The scenario is part of a failure test for a customer. The three MAAS nodes are on different subnets so are using dns-ha instead of a vip. MAAS is access with a hostname, maas-region.test, that gets moved by pacemaker when the node with the name fails.

To be clear, this is a non-clean loss of one server -- the postgres master.

So a specific scenario is (I might have the hosts different than Dima's reports):

Postgresql master is maas-vhost1
Postgresql slave is maas-vhost2
maas-region.test is on maas-vhost1

1. Deprive power to maas-vhost1
2. Pacemaker promotes maas-vhost2 to pgsql master and makes maas-vhost3 the new slave
3. Pacemaker moves (starts) the hostname on maas-vhost2 (or 3)

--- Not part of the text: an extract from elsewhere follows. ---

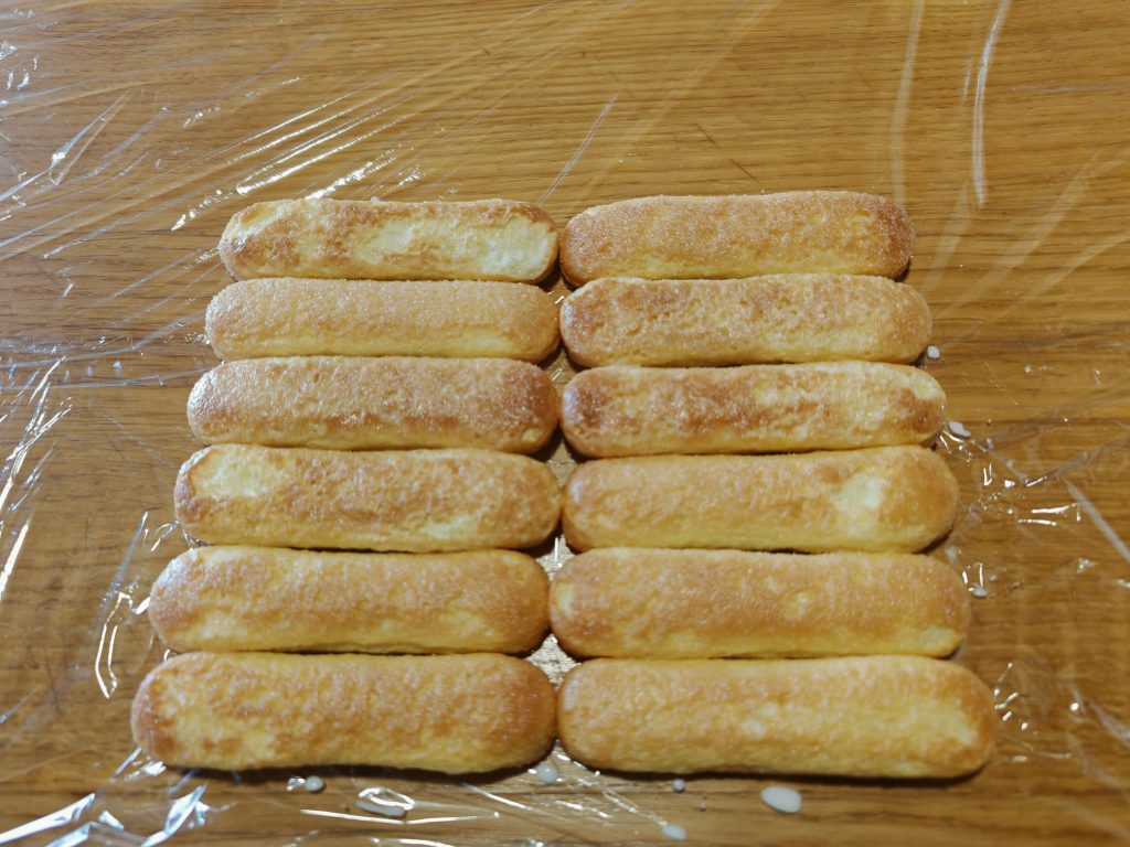 • Trempez les boudoirs dans le lait puis disposez-les sur une surface de travail recouverte de film. (faites attention à ne pas les imbiber trop).
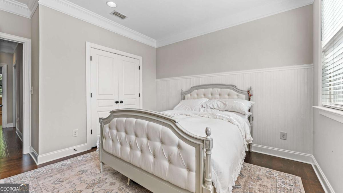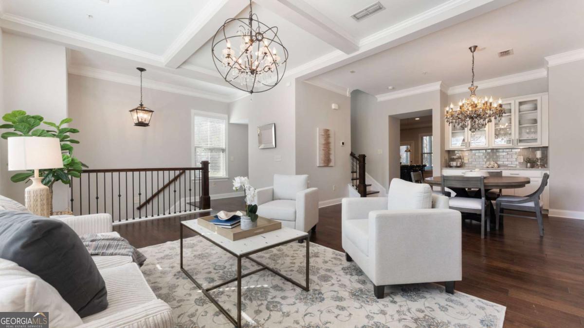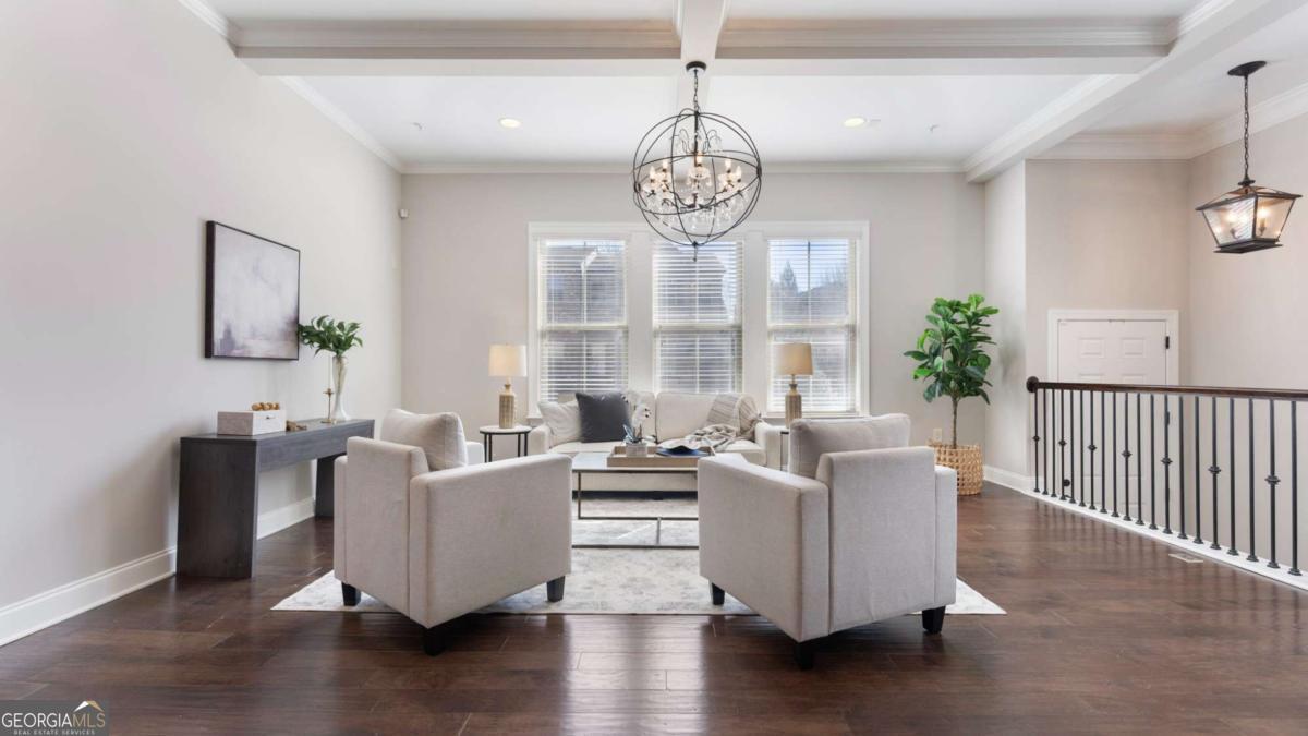 Welcome to your amazing new End-Unit townhome with the largest floor plan in the community in the highly desired 321 Vaughan community. This Downtown Alpharetta location is zoned for Top-Rated Alpharetta Elementary, Hopewell Middle and Cambridge High School! This spacious 4-bedroom, 3.5-bath end unit townhome is over 2,640 square feet and offers an exceptional open layout with 10' ceilings on the main level, 9' ceilings on the other levels, 3 entertainment areas, a coffered ceiling in the Great Room, upgraded crown molding, new designer lighting, and hardwood floors throughout the entire home, including all bedrooms. The elegant main level features a bright front sitting room, a dining area with a stylish Butler's pantry with glass-front cabinetry. The gourmet kitchen is complete with 42" white cabinetry, large entertaining island, upgraded granite countertops, subway tile backsplash, KitchenAid Stainless Steel appliances, gas cooktop, vent hood to the exterior and walk-in pantry. Enjoy a cozy keeping room with a stone gas fireplace, plus a screened-in porch overlooking peaceful, private views, your perfect morning coffee spot or reading nook. A tucked-away half bath offers a new vanity, mirror, and lighting. Upstairs, three generous bedrooms all boast hardwood floors. The convenient laundry room sits just outside the luxurious owner's suite on the top floor. The owner's suite features a tray ceiling and a fully updated spa-style bath with new mirrors, granite countertops, a walk-in shower, and a soaking tub. Secondary bedrooms enjoy privacy and share a well-appointed full bath. The ground level offers incredible flexibility, ideal for a home office with additional living space plus a guest bedroom with multiple windows. The ground floor is complete with a full bathroom, walk-in shower, mudroom area, and oversized storage closet. The extra-long driveway easily fits 4 cars adding another benefit to the property. The perfect home for entertaining inside and out, there are over 20 speaker pre-wires if music is what you enjoy. This townhome lives like a single family home with all of the amazing windows on 3- sides, privacy on the side and rear, plus the long driveway. Here you will enjoy no maintenance of the exterior of your new home or the yard. The Downtown Alpharetta area is the hub of local culture and activity that delivers the luxury of the modern South where you can shop, eat, watch a movie, enjoy a festival or hear a concert. This upscale destination brings together Southern charm with everything you have been looking for! Located nearby Ameris Bank Amphitheatre, this unique setting for music lovers is 45 acres and seats 12,000 people between the under roof and open lawn seating. Less than 1 mile from Downtown Alpharetta and near the Alpha Loop, Avalon, and endless dining, shopping, and entertainment you will love the convenient location and lifestyle with low maintenance. With over 250 shops and 200 restaurants within a 5-mile radius, there are always things to do in Alpharetta! Experience the exceptional lifestyle you will enjoy at 126 Brindle Lane today!

Pacemaker is not monitoring regiond so it would not be restarting those services. They have to wait for the database to be available again.

At step 3, the first one or two starts may fail (500 server error) as the new master starts up and becomes available to MAAS. But eventually pacemaker succeeds in running the script that talks to MAAS to assign the new host's IP to maas-region.test. When this happens, querying MAAS (or pgsql directly) shows the new IP but querying DNS (or the zone files directly) shows the old IP address. This holds true no matter which MAAS server we're looking at.